The story has been told often, sometimes embellished. As Rip Hamilton tells it, after leading UConn to the Elite Eight he had made up his mind to go into the NBA Draft as a sophomore. He walked through the men’s basketball headquarters at Gampel Pavilion, from one office to another, saying his goodbyes to each assistant coach.
Then came the last door and the conversation he dreaded, telling Jim Calhoun he was done with college.
Calhoun, true to form, was ready for it, his case sketched out on an easel pad in his spacious office. Hamilton was projected to go to the Knicks, who had the 16th pick in the 1998 draft, and they already had Allan Houston and Latrell Sprewell, so Hamilton wouldn’t get much playing time.

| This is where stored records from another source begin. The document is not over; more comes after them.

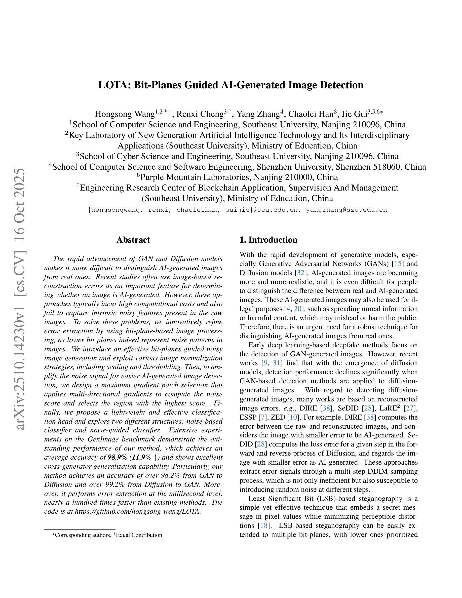 GAN和Diffusion模型的快速发展使得区分AI生成的图像和真实图像变得更加困难。近期的研究经常将基于图像的重建误差作为判断图像是否由AI生成的重要特征。然而,这些方法通常会导致较高的计算成本,并且无法捕捉到原始图像中存在的内在噪声特征。为了解决这些问题,我们创新性地通过基于位平面的图像处理来改进误差提取,因为低位平面确实代表了图像中的噪声模式。我们引入了一种有效的位平面引导噪声图像生成方法,并利用了各种图像归一化策略,包括缩放和阈值化。接着,为了放大噪声信号,便于检测AI生成的图像,我们设计了一种最大梯度补丁选择方法,该方法应用多方向梯度来计算噪声分数,并选择得分最高的区域。最后,我们提出了一种轻便有效的分类头,并探索了两种不同结构:基于噪声的分类器和噪声引导的分类器。在GenImage基准测试上的广泛实验证明了我们方法的出色性能,该方法达到了平均准确率98.9%(上升11.9%),并表现出出色的跨生成器泛化能力。特别是,我们的方法从GAN到Diffusion的准确率超过98.2%,而从Diffusion到GAN的准确率超过99.2%。此外,它以毫秒级的速度进行误差提取,几乎是现有方法的100倍。代码地址为:https://github.com/hongsong-wang/LOTA。
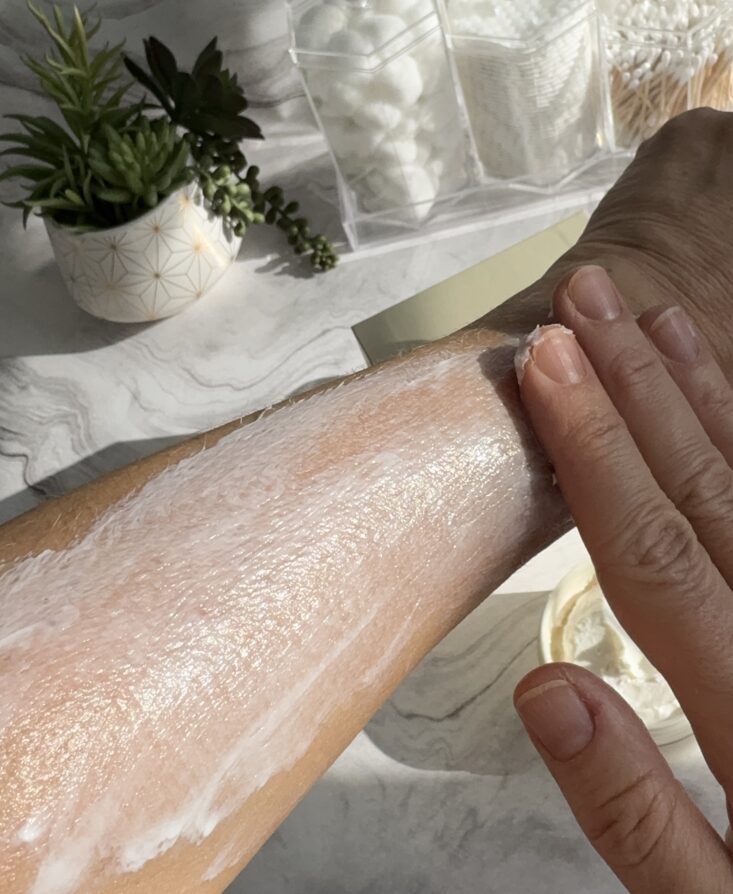 What surprised me most? How simple this routine is. I just use the exfoliant in the shower, then apply the treatment afterward. That’s it. Two steps, a couple of minutes a day, and it fits into my life without any fuss. Even still, it feels so luxurious.
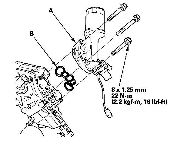 19. Apply new engine oil to the bolt threads and flanges. Torque the bolts (B) to 20 Nm (2.0 kgf-m, 14 lbf-ft).
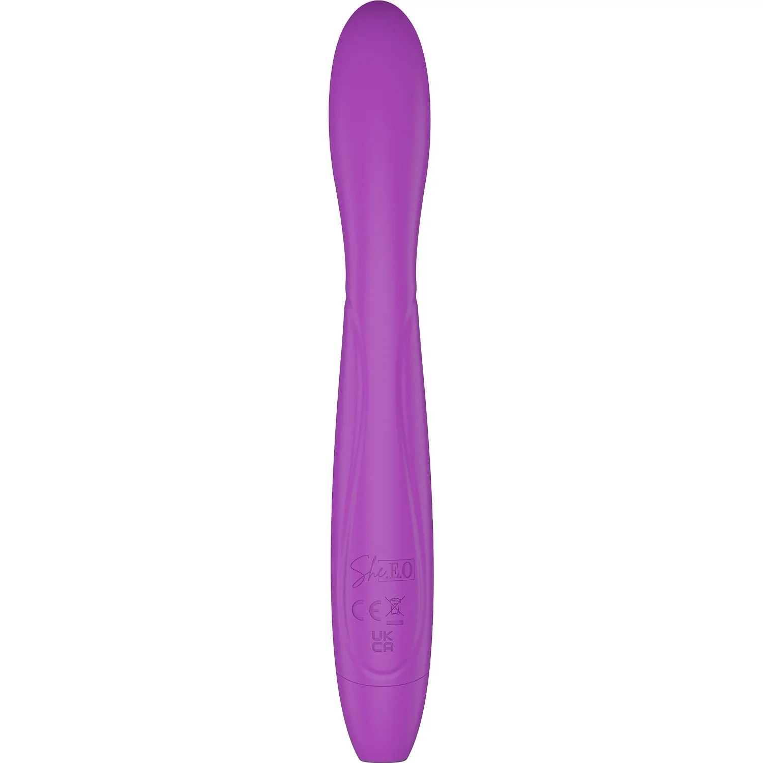 Vibrator She EO cu cap percutant pentru stimulare a punctului G și tija vibratoare. 10 feluri combinate de vibrație și tapping, silicon sigur pentru corp, cu acumulator și viguros IPX7. Lungime inserabilă 16 cm, calibru 2.5 cm.
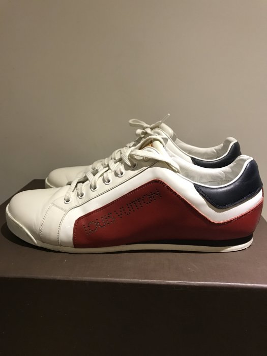 優寶購物《ubao.Tw》特貨品商城,黑貓宅配,取貨付款,[ 義 品 苑 ] LOUIS VUITTON 紅白藍 異材質拼接 休閒鞋 7.5 義大利製 LV | Yahoo拍賣

The guaranteed money would be relatively low and, as Calhoun flipped the sheets of paper, one layer of assumptions after another, he concluded Hamilton would soon be out of the league.
Rip certainly made the most of his three years in Storrs- what was your favorite Rip Hamilton moment? 🤔 pic.twitter.com/MQ9RZ8vmkK
— UConn Men's Basketball (@UConnMBB) January 30, 2024
But if he returned to UConn, as more sheets were flipped, Hamilton would be an All-American, whoosh, Big East player of the year a second time, whoosh, “The Michael Jordan of UConn” … and, whoosh, a national champion.
That was enough for Hamilton to retrace his steps, telling all the assistants he was coming back, a decision that has stood the test of time.
A year later, Hamilton and the Huskies won it all, rode in the triumphant motorcade from Bradley to Storrs and suddenly, Rip Hamilton was in a moment he wanted to last forever.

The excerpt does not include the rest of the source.